Yes, zstd has forced bitwise match coding, whereas lz4 is byte-aligned and with inline literals.
So lz4 has some base advantages in terms of speed, which zstd is unlikely to match. But as you point out it is only relevant for very high speed operations.
It's still quite a bit faster than zstd -1, at least according to their GitHub page. The trade-off is it's a worse compression ratio (2.8 vs. 2.1), but in some cases that's a good trade-off.
Depending on your data, experimentally, some people find zstd --fast can beat LZ4 for them on compression, some people find the opposite; my usual advice to people considering one or the other is to experiment and find out.

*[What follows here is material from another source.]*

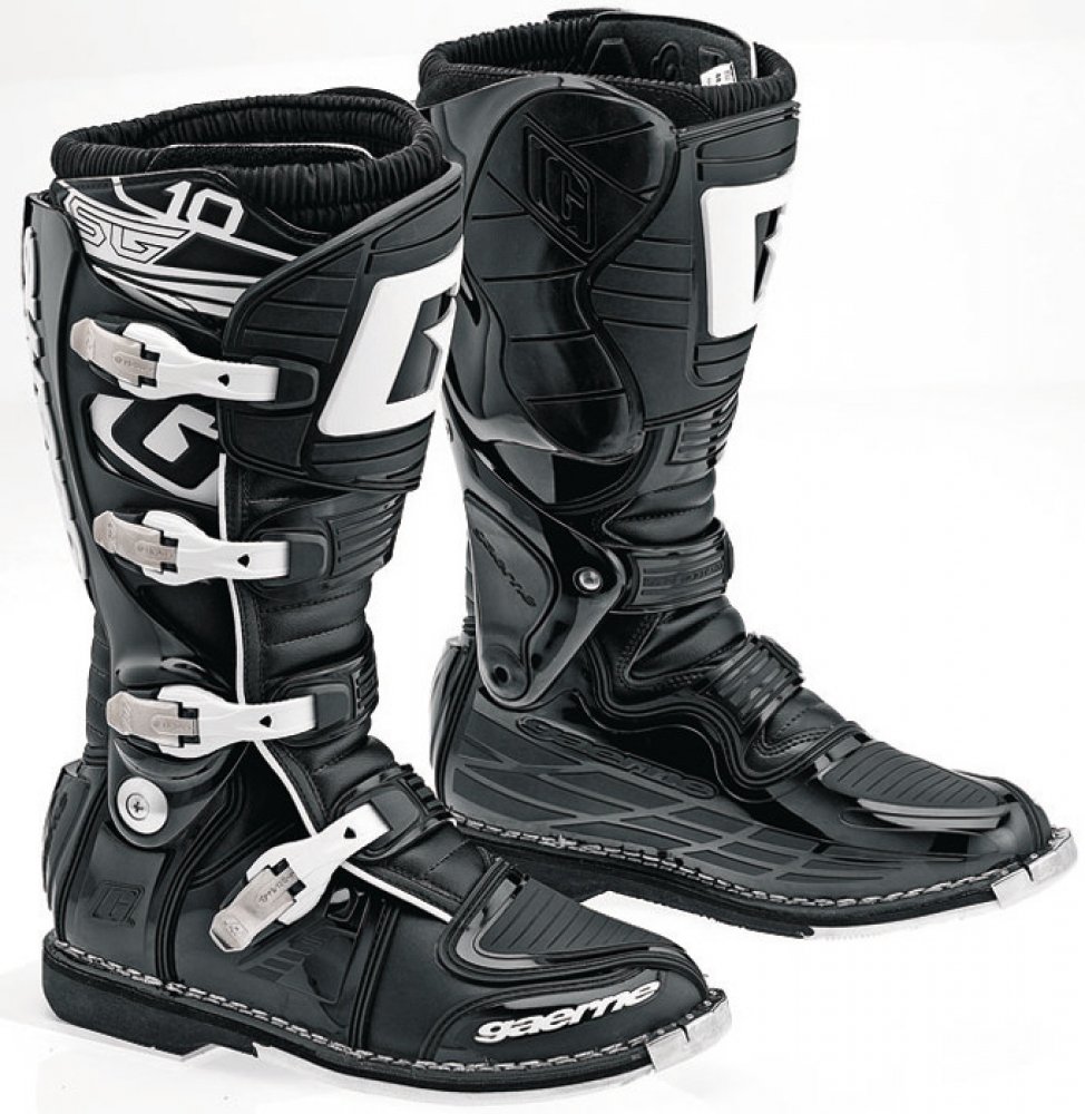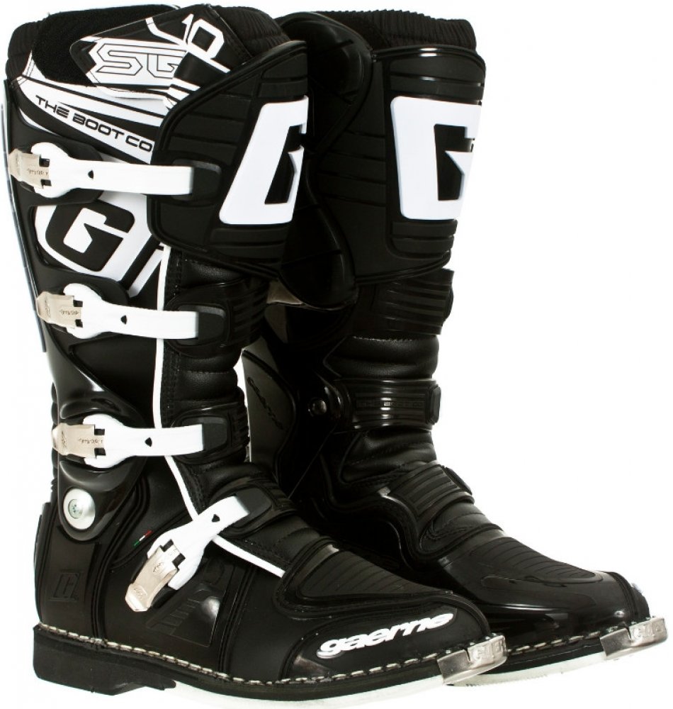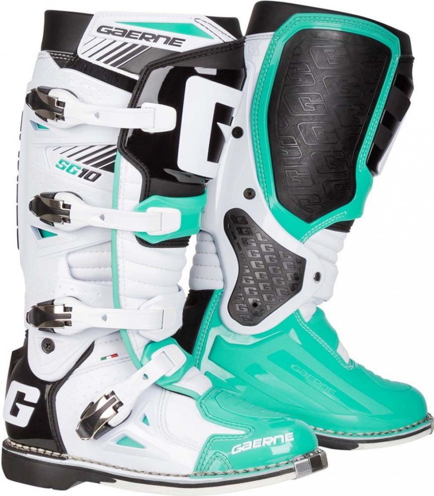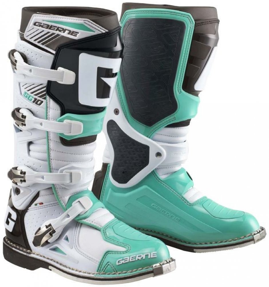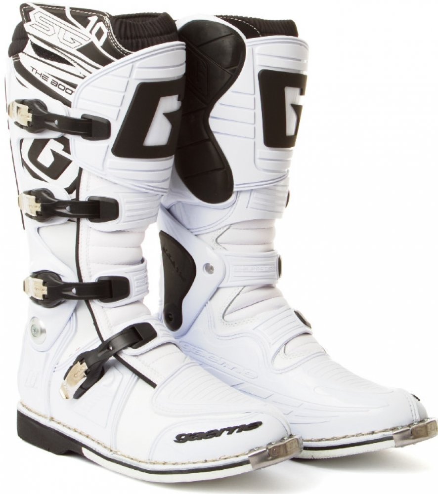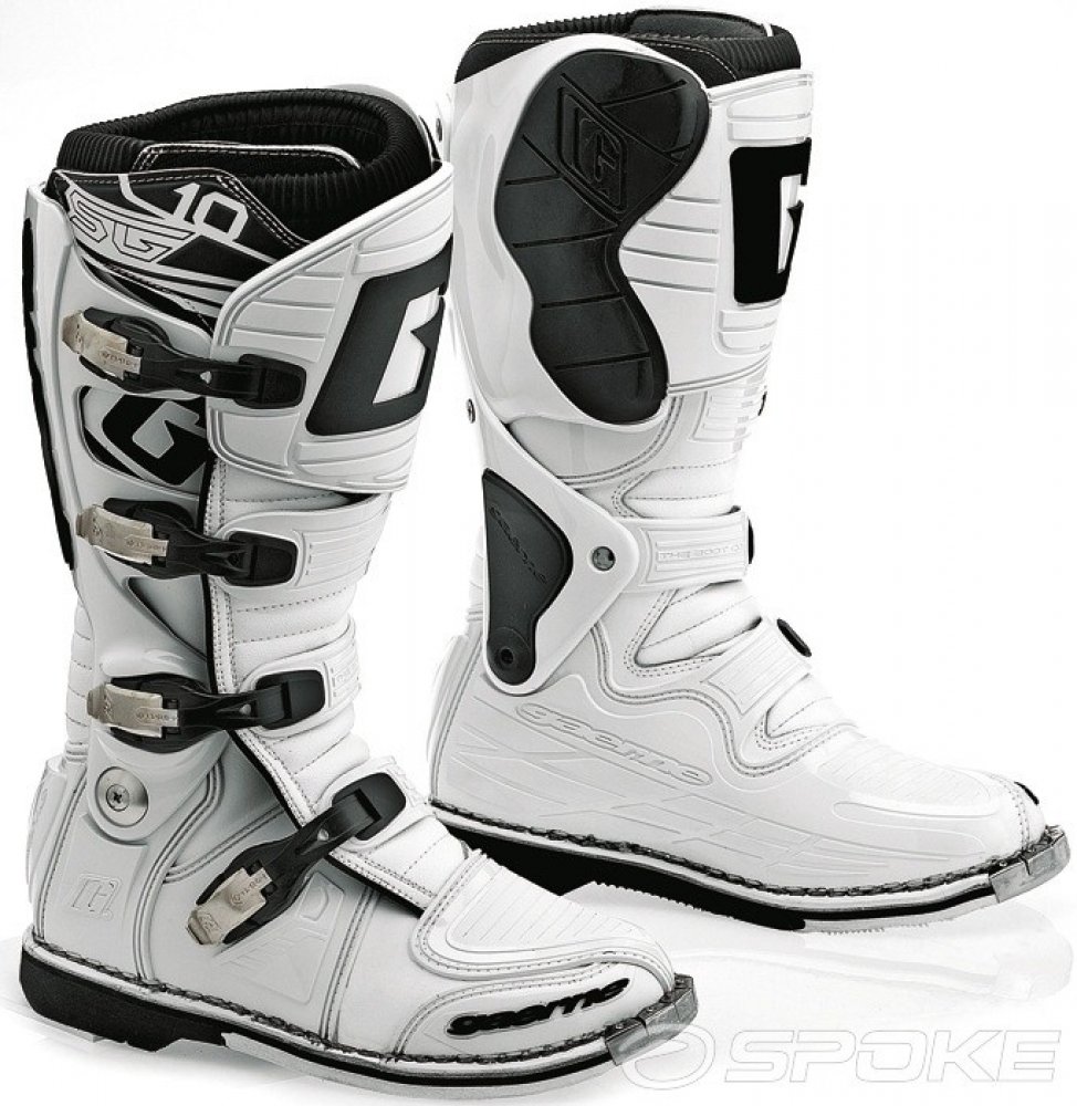 Gaerne SG10 jsou propracované špičkové závodní boty s kloubem pro motokros a enduro. Boty Gaerne SG10 jsou navržené s ohledem na požadavky špičkových jezdců na komfort, bezpečnost a životnost. Poskytující maximální ochranu před případnými zraněními díky patentovanému systému dvouosého kloubového uložení a propracovanému oplastování na důležitých místech. Gaerne SG 10 jsou boty se skvělou životností a tím Vám ušetří Vaše prostředky. Gaerne SG 10je vyrobena z vysoce kvalitní full-grain kůže s přední holenní částí a kotníkem/patou ve tvaru injekce. Všechny čtyři hliníkové přezky je možné vyměnit. Řemínky v přezkách jsou nastavitelné. Kryt vyroben z kůže určené do ztížených podmínek k ochraně před teplem udržuje pocit chladu a kamaše Lorica nepropouští nečistoty. Určeno především pro špičkový sport, poskytující maximální ochranu před případnými zraněními. Zároveň svým patentovaným systémem dvoukloubového uložení a gelové vnitřní boty poskytují značné pohodlí i pro celodenní akce.

(An interesting anecdote about the differing notions of compressibility - when I recently wrote something to do a clever dance to avoid burning a great deal of CPU on incompressible data with higher zstd levels, I ended up using LZ4 -> zstd-1 as a two-tier filter to catch incompressible data, because what they each thought was incompressible was different enough that only using LZ4 lost a significant amount of compression sometimes, but only using zstd-1 was comparatively expensive and also lost a significant fraction.)
note that for decompression speeds, they quote "We know LZ4 is significantly faster than ZSTD on standalone benchmarks: likely bottleneck is ROOT IO API"
So lz4 has some base advantages in terms of speed, which zstd is unlikely to match. But as you point out it is only relevant for very high speed operations.